We run him primarily off leash so we are traveling to the Bay Area to legally run him in a race off leash. All the dog races around us are leashed. He's going to love it!


----------



## Laika (Mar 3, 2013)

Milesmom, what 50k allows pups? My first 50k is in Sept as well--a run around Mt St Helens (pups not allowed)! 

I am signing up for a 20 miler in Central Oregon in May though, which Laika will run off leash with me 

I know the thoughts concerning running from some forum members, but my pup is not spayed, does longer runs almost exclusively off leash, on trail, and is old enough now that I feel confident her growth plates are closed.  Plus, I'm slow enough she gets plenty of time to " smell the roses" during our excursions


----------



## Baja (Feb 17, 2013)

Laika said:


> I know the thoughts concerning running from some forum members, but my pup is not spayed, does longer runs almost exclusively off leash, on trail, and is old enough now that I feel confident her growth plates are closed.  Plus, I'm slow enough she gets plenty of time to " smell the roses" during our excursions


My thoughts exactly. Before we did any real running, we had a talk with the breeder and the vet. Both gave us the green light. And a 7:30 minute mile is not a hard run for a vizsla, maybe more of a "trot" than anything, I'm pretty sure they could run a 3 minute mile.


----------



## Baja (Feb 17, 2013)

MilesMom said:


> Miles and I have our first race together in September. It is a 50k! He is my training partner so I thought, why not include him in a race?
> 
> We run him primarily off leash so we are traveling to the Bay Area to legally run him in a race off leash. All the dog races around us are leashed. He's going to love it!

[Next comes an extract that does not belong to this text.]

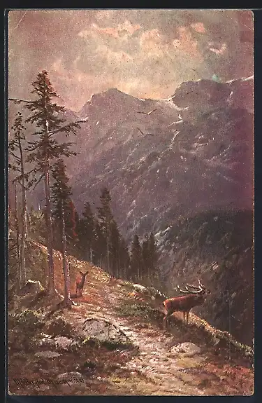 Künstler-AK M. Müller jun.: röhrender Hirsch am Abhang

That sounds like a great time! My wife ran an Ultra Marathon this summer and I'm sure our V would've loved being right there beside her! Although I'm not sure she would've liked the 110 miles over 3 days...lol But she loves to run!

I don't know of any off leash races close to where we live (Southern Indiana). I wish we could find some within a reasonable distance from here. 

Let us know how the 50K goes! And good luck with the training and race. I really can't run much anymore (25+ years of motocross racing has ruined my back and knees), but I know a LOT of hard work and dedication goes into these long distance races.


----------



## MilesMom (Jun 21, 2012)

We are doing the Tilden park race in Berkeley. I just emailed races in locations where dogs are allowed off leash and asked if Miles could come too!


----------